Why do we ignore co-efficients in Big O notation?

Solution 1:

The purpose of the Big-O notation is to find what is the dominant factor in the asymptotic behavior of a function as the value tends towards the infinity.

As we walk through the function domain, some factors become more important than others.

Imagine f(n) = n^3+n^2. As n goes to infinity, n^2 becomes less and less relevant when compared with n^3.

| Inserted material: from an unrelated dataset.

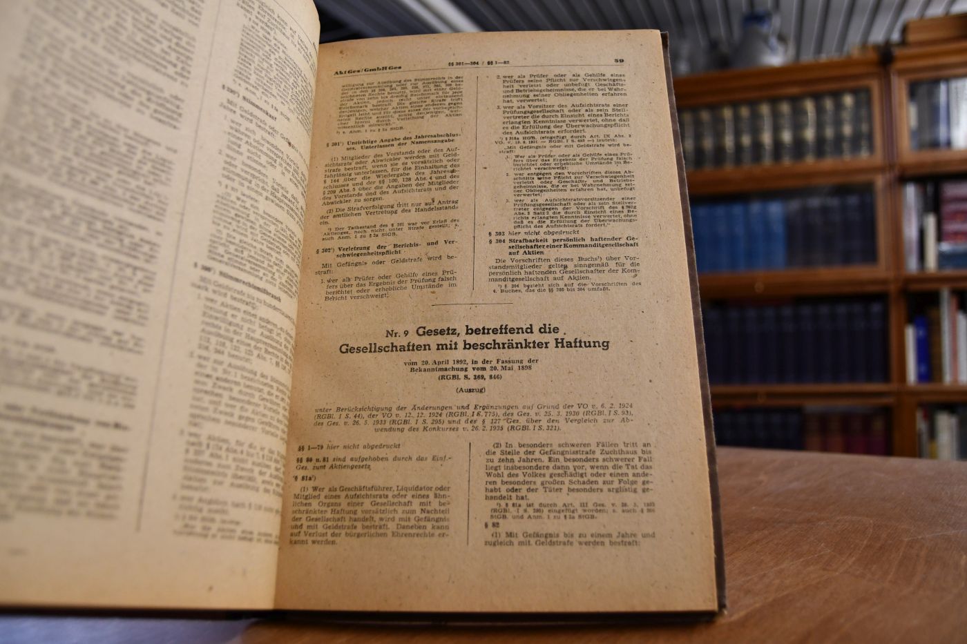 Beschreibung Einband berieben, bestoßen und mit Einrissen am Rücken. Papierbedingt gebräunt. Ab S. 154 ff. mit den Kontrollratsvorschriften zur Entnazifizierung des Strafrechts. Immer wieder Farbstiftunter bzw- -anstreichungen und Marginalien.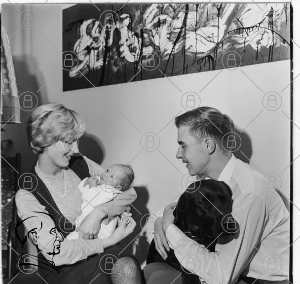 familj, baby, hund, föräldrar, svartvitt, inomhus, leende, kärlek, hem, konst, barn, 1960-tal, interiör, samvaro, glädje, tradition, porträtt, nostalgi, trygghet, relationer

But that's just the intuition behind the definition. In practice we ignore some portions of the function because of the formal definition:

f(x) = O(g(x)) as x->infinity

if and only if there is a positive real M and a real x_0 such as

|f(x)| <= M|g(x)| for all x > x_0.

That's in wikipedia. What that actually means is that there is a point (after x_0) after which some multiple of g(x) dominates f(x). That definition acts like a loose upper bound on the value of f(x).

From that we can derive many other properties, like f(x)+K = O(f(x)), f(x^n+x^n-1)=O(x^n), etc. It's just a matter of using the definition to prove those.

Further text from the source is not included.